*** Opening Recorded information ***

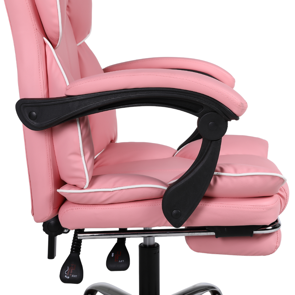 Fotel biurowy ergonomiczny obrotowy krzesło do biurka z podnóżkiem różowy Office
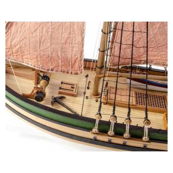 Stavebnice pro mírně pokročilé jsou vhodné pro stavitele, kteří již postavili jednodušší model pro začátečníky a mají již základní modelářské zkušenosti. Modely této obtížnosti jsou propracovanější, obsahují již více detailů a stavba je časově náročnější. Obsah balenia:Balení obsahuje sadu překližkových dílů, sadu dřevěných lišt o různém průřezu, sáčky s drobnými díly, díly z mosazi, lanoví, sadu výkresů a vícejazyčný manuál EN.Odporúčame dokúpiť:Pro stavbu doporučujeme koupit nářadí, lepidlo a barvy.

*** Closing Recorded information ***
*** Opening Recorded information ***

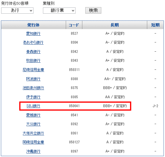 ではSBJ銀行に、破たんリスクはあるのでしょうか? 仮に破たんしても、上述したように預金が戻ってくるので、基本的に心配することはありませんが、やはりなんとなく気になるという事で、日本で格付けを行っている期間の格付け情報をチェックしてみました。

*** Closing Recorded information ***
*** Opening Recorded information ***

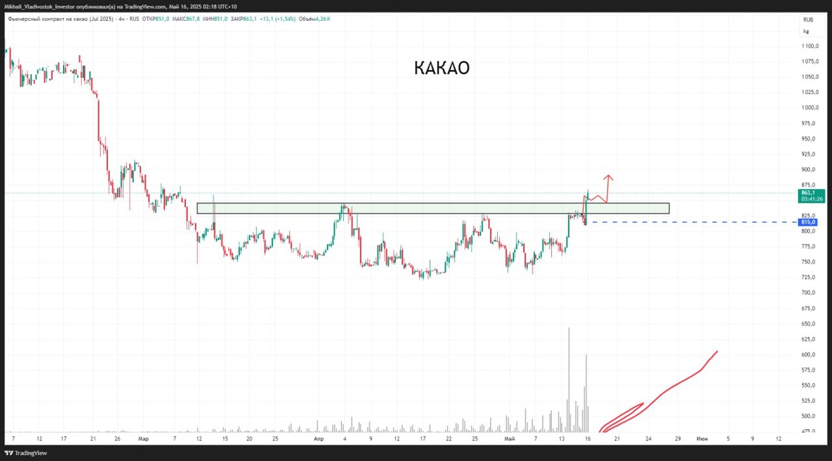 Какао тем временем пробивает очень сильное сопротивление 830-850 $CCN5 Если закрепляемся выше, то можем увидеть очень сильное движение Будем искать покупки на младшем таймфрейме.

*** Closing Recorded information ***

### Task prompt
Beginning at the line that has "Fotel biurowy ergonomiczny" and ending at the line that has "Stavebnice pro mírně", restate the listing above word for word, pictures left out.

### Task solution
 Fotel biurowy ergonomiczny obrotowy krzesło do biurka z podnóżkiem różowy Office
 Stavebnice pro mírně pokročilé jsou vhodné pro stavitele, kteří již postavili jednodušší model pro začátečníky a mají již základní modelářské zkušenosti. Modely této obtížnosti jsou propracovanější, obsahují již více detailů a stavba je časově náročnější. Obsah balenia:Balení obsahuje sadu překližkových dílů, sadu dřevěných lišt o různém průřezu, sáčky s drobnými díly, díly z mosazi, lanoví, sadu výkresů a vícejazyčný manuál EN.Odporúčame dokúpiť:Pro stavbu doporučujeme koupit nářadí, lepidlo a barvy.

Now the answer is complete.